Fiji’s interim Minister of Finance Mahendra Chaudhry and the Chinese Ambassador Cai Jinbiao signed the banking agreement between the two countries this morning at the Ministry of Finance.

Chaudhry says the aid money to be given to Fiji is yet to be quantified.

It is unclear which project is to receive the first aid money. All projects identified will have to be mutually agreed upon by both governments before the money is released.

Speaking at the signing, Chaudhry says the aim of the agreement is to facilitate the disbursement of aid money which has been made available to Fiji by China under a technical and economic cooperation agreement which was signed in April 2007 between the two governments.

He says the provision under the agreement was for Chinese aid to be given to Fiji and this aid money will be spent on projects which are mutually agreed between the two governments.

The expenditure from this aid fund will have to be sanctioned by both governments by mutual consent, he added.

The banking agreement signed this morning was to facilitate the transfer of funds from China to Fiji and disbursement of funds here in Fiji and the accounting of those funds to the Chinese government.

For his part, the Chinese ambassador Cai Jinbiao expressed his government’s sympathy to the victims of Tropical Cyclone Gene that struck early this week.

He says the aid money will be for such projects as the Navuso Bridge which he hopes would start soon. Currently, the Public Works Department is preparing the ground so that construction work on the bridge could start. The money is also expected to go to other infrastructure projects damaged by Cyclone Gene, he added.
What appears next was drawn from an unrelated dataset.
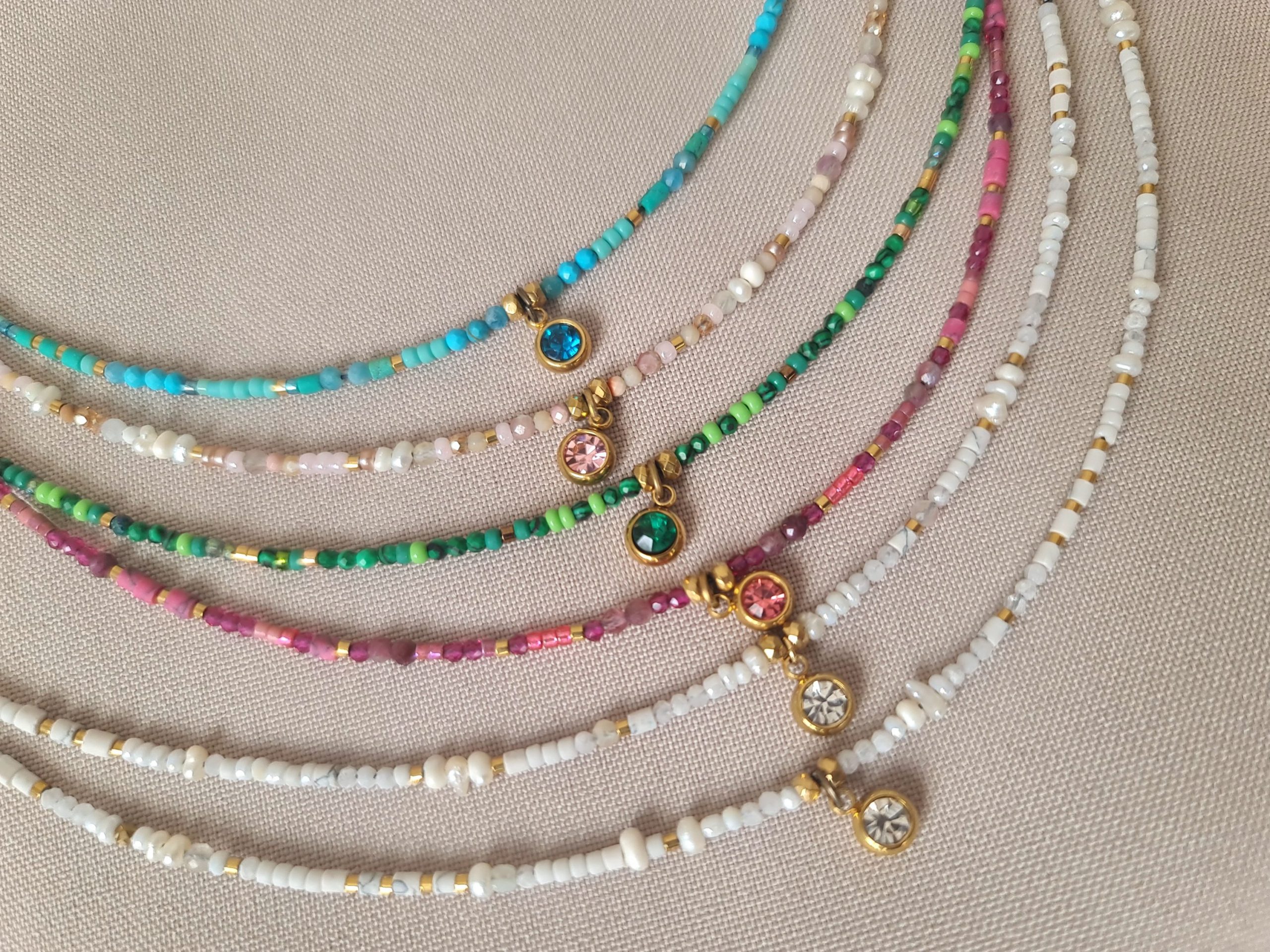 Collier de perles semi-précieuses montées sur câble. Fermeture réglable. Résistant à l’eau.

Chaudhry said that the interim Government has identified some projects on which they will have to consult with the representatives of the Chinese Government.

These projects largely relate to the rural sector including the rehabilitation of rural roads and housing, he said.

"We have a large squatter population. We would like to resettle them in better living conditions.

"There may be others but consultation on those projects will take place. And upon agreement, the projects will go ahead."